RDDs
Before DataFrames, you would use
RDD.groupBy()
to group your data. This method is very expensive and requires a complete reshuffle of all of your data to ensure all records with the same key end up on the same Spark Worker Node.
Instead, you should use
RDD.aggregate()
,
PairRDDFunctions.groupByKey()
, or
PairRDDFunctions.reduceByKey()
if you're grouping for the purposes of aggregating data such as
sum()
or
count()
.
Note: You need to
import org.apache.spark.rdd.PairRDDFunctions
DataFrames
At the moment, all DataFrame grouping operations assume that you're grouping for the purposes of aggregating data.
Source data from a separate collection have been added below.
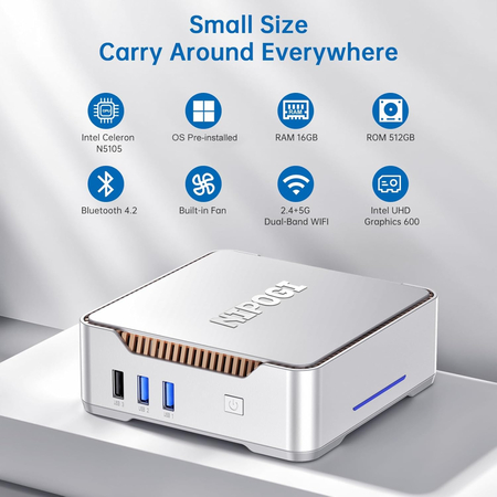 Міні-ПК NiPoGi GK3 PRO оснащений процесором Intel Celeron N5105, який має 4 ядра і 4 потоки з тактовою частотою до 2,9 ГГц. Цей процесор, порівняно з попередніми моделями Gemini Lake (J4125/N5095/N5100), забезпечує приріст продуктивності на 35%, а графічний процесор Intel UHD – на 78%. Це гарантує високу продуктивність і плавну роботу для бізнес-офісу, домашніх розваг, онлайн-навчання та зустрічей.
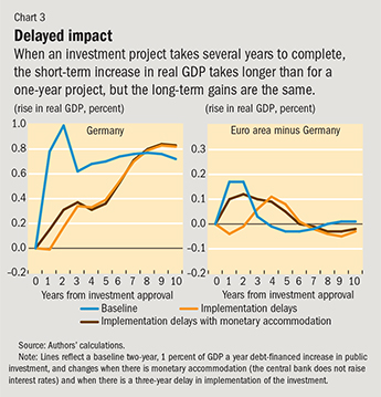 These results assume that infrastructure projects are approved, built, and operational within the very tight time frame of one year. In a more realistic case of implementation delays—in which a project is approved in the first year, but spending continues over three years and the infrastructure becomes active in the fourth year—the eventual rise in real GDP is postponed (see Chart 3). Because of the lagged completion (and the delayed productivity benefits for the economy), increases in private investment and employment also stall. Domestic output could contract for a while, with some adverse regional spillovers. Nevertheless, the longer-term output gains characterized by higher public investment are the same. A by-product of implementation delays is deferred and somewhat smoother deficit spending, which implies less of an annual budgetary burden in the short run.
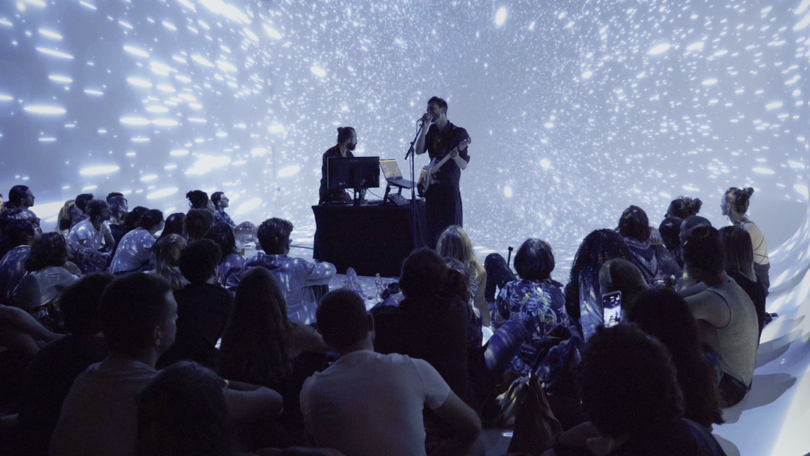 STELLAR DRIFT est un rituel audiovisuel immersif et cosmique performé en live par Gamgie (Visuels) et David-Alexandre Chanel (guitare et voix). Dans ce spectacle, le public va venir s’immerger pour ressentir un état particulier : le drift. Fruit des expérimentations de David-Alexandre et Gamegie, le drift est un état mental qui ressemble à un doux flottement, une dérive qui nous berce, à mi-chemin entre l’hypnose, la transe ou un voyage psychédélique. Dans l’espace, rien n’est immobile, tout est en mouvement. Le nom scientifique donné à cette constatation est “stellar drift”, la dérive stellaire. Inspiré par ce phénomène et par l’esthétique du cosmos, STELLAR DRIFT guide le spectateur par les images et la musique dans un voyage en lente dérive qui l’emmène dans les profondeurs de l’espace.
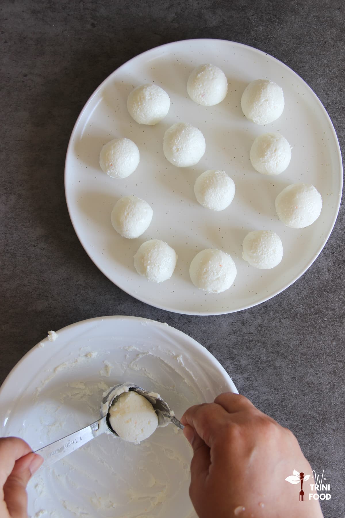 • Use a tablespoon and a small teaspoon to divide the mixture into 13 even pieces. (For smaller balls, use a 1/2 tablespoon to divide the mixture).

If you're looking to group for any other reason (not common), you'll need to get a reference to the underlying RDD as follows:
sessionsDF.rdd.groupBy(...)
Otherwise, the DataFrame
groupBy()
method returns a GroupedData instance as follows:import org.apache.spark.sql.GroupedData
val sessionsDF = Seq(("day1","user1","session1", 100.0),("day1","user1","session2",200.0),
("day2","user1","session3",300.0),("day2","user1","session4",400.0),
("day2","user1","session4",99.0))
.toDF("day","userId","sessionId","purchaseTotal")
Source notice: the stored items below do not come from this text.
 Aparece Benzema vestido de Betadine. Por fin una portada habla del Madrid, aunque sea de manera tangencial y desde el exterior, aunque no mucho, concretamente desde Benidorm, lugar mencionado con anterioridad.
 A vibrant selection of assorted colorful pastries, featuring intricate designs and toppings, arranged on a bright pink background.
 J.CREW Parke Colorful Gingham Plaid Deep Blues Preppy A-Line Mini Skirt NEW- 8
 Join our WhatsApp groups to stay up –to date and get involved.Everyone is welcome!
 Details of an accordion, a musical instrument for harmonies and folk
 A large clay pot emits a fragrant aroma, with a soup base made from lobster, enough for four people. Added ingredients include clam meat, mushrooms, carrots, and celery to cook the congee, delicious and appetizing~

val groupedSessions: GroupedData = sessionsDF.groupBy("day", "userId")
At the moment, there's not much you can do with a
GroupedData
instance except add
aggregations as follows:import org.apache.spark.sql.functions._
groupedSessionsDF = groupedSessions.agg($"day", $"userId", countDistinct("sessionId"), sum("purchaseTotal"))
There's also a convenience method for agg() that takes a Map of "column" to "aggregation type" as follows:
val groupedSessionsDF = groupedSessions.agg($"day", $"userId", "sessionId" -> "count", "purchaseTotal" -> "sum" )
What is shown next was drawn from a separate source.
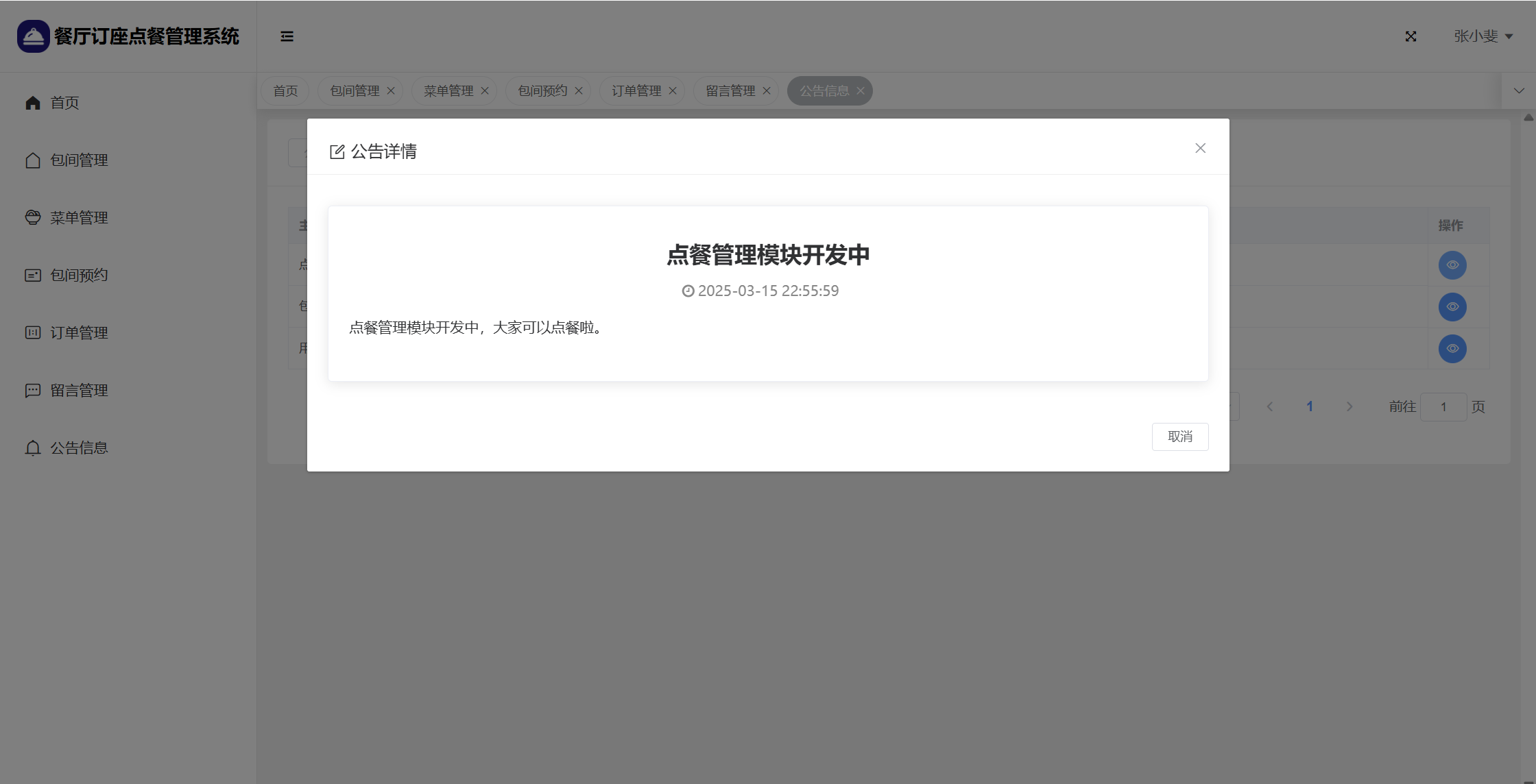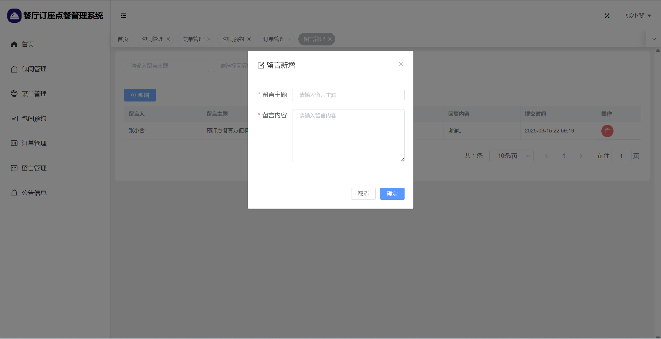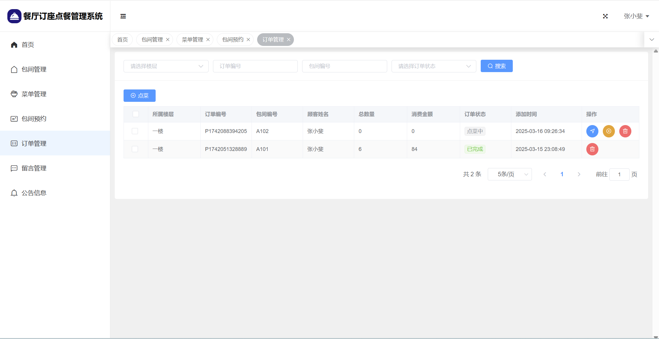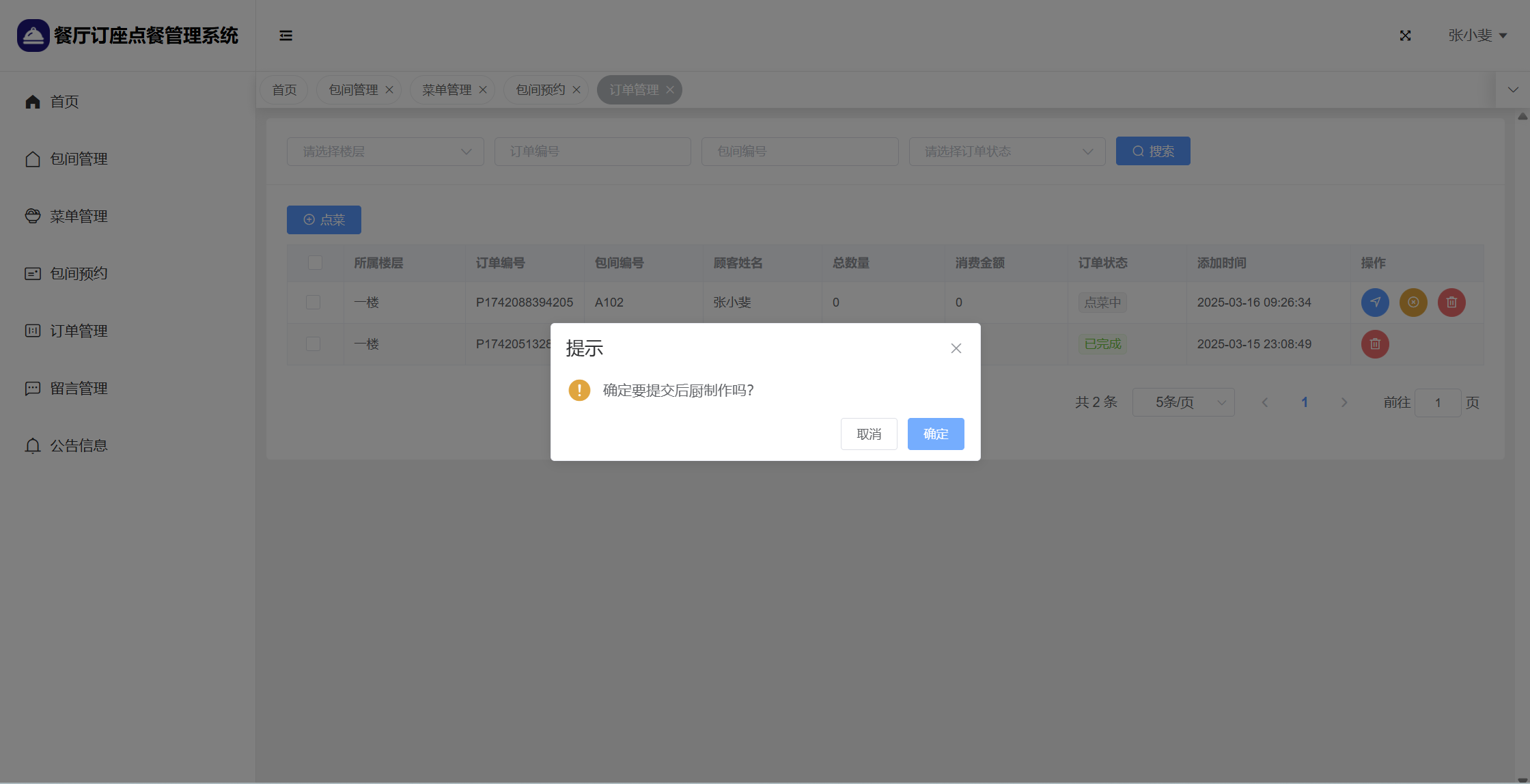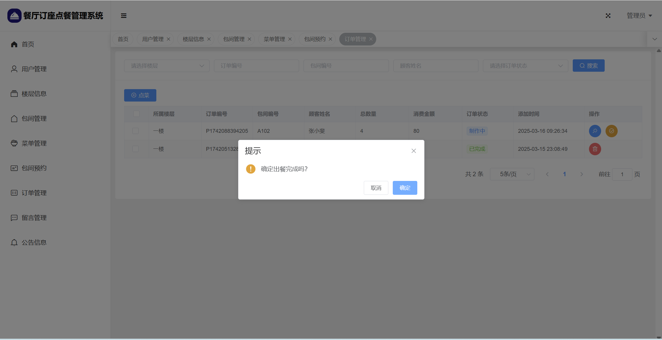 基于SpringBoot+Vue前后端分离的餐厅订座点餐管理系统,本人原创开发。

This convenience method doesn't currently support the complete list of aggregations, so you may need to revert to the slightly-less-convenient approach listed just above for things like
countDistrinct()
and
sumDistrinct()
, etc
SQL
SQL/HiveQL requires that you specify an aggregation function as follows:
%sql SELECT day, userId, sessionId, purchaseTotal FROM test_df_group_by GROUP BY day, userId
Error in SQL statement: java.lang.RuntimeException: org.apache.spark.sql.AnalysisException: expression 'purchaseTotal' is neither present in the group by, nor is it an aggregate function. Add to group by or wrap in first() if you don't care which value you get.;
at org.apache.spark.sql.catalyst.analysis.CheckAnalysis$class.failAnalysis(CheckAnalysis.scala:38)
at org.apache.spark.sql.catalyst.analysis.Analyzer.failAnalysis(Analyzer.scala:40)
at
Here's a version that works...
%sql SELECT day, userId, count(sessionId) as session_count, sum(purchaseTotal) as purchase_total FROM test_df_group_by GROUP BY day, userId
You always want to use the DataFrames or SQL APIs over low-level RDDs. Especially for Python-based apps, you'll see a large performance boost by using these higher-level libraries due to performance optimizations at these layers.